Hadis riwayat Ummu Habibah (istri Rasulullah) bahwa beliau pernah mengajukan tawaran kepada Rasul untuk menikahi saudaranya Azat binti Abu Sufyan “Apakah itu yang kau harapkan?” tegas Nabi. “Iya, sebab aku pasti akan dimadu, dan aku ingin engkau memadu saudaraku” lalu Nabi menjawab “Ia tidak halal untukku.” kemudian Ummu Habibah berkata lagi “Kami medapat kabar, bahwa engkau akan mempersunting putri Abu Salamah.”

“Anak perempuan Ummu Salamah?” timpal Nabi, “Iya” jawab Ummu Habibah, lalu Rasul mengutarakan alasan alasan mengapa hal itu diharamkan, beliau bersabda, “Seandainya ia bukanlah anak asuhanku, maka ia tak halal untukku, ia adalah anak dari sodara sepersusuanku, aku dan Abu Salamah menyusu pada Tsuwaibah, maka dari itu janganlah kalian memberikan tawaran untukku anakku atau saudara perempuanku. (HR. Bukhari dan Muslim).

Hadis ini menjelaskan alasan mengapa Rasulullah menjadikan dirinya haram menikah dengan anak perempuan Ummu Salamah, karena Rasullah telah menikah dengan ibunya (Ummu Salamah).

Kesimpulan dari hukum menikahi anak tiri adalah ditafsil (diperinci). Pertama, jika seorang ayah menikahi anak tirinya dan belum melakukan hubungan badan dengan ibu dari anaknya maka hukumnya adalah halal, namun dengan catatan harus sudah bercerai dengan istrinya ketika akan menikahi anak tirinya. Kedua, jika sudah melakukan hubungan badan dengan istri (ibu dari anak tirinya) maka hukum menikahi anak tirinya adalah haram.  Wallahua’lam.
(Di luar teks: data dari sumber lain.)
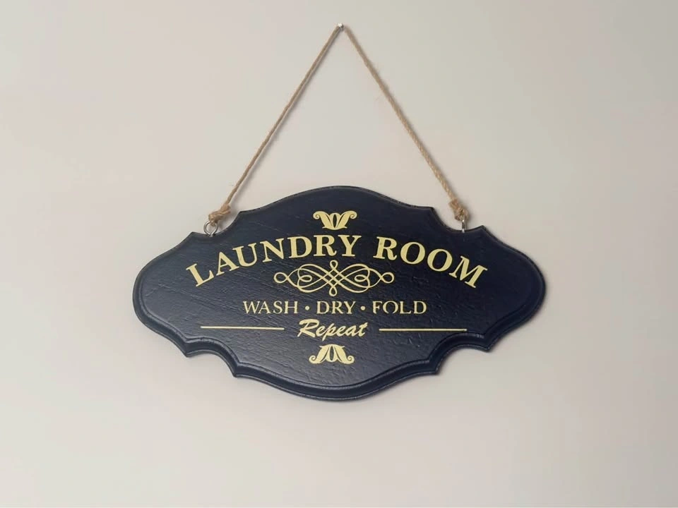 Stylish hanging sign – “Laundry Room: Wash • Dry • Fold • Repeat.” Perfect for laundry area décor. Lightweight & easy to hang. Modern farmhouse style. Great condition.

Sumber: Ahkamul Fuqaha no. 288 KEPUTUSAN KONFERENSI BESAR PENGURUS BESAR SYURIAH NAHDLATUL ULAMA KE 1 Di Jakarta Pada Tanggal 21 - 25 Syawal 1379 H. / 18 - 22 April 1960 M.

___________
Catatan: Tulisan ini terbit pertama kali pada  Jumat, 31 Agustus 2018. Tim Redaksi mengunggah ulang dengan melakukan penyuntingan.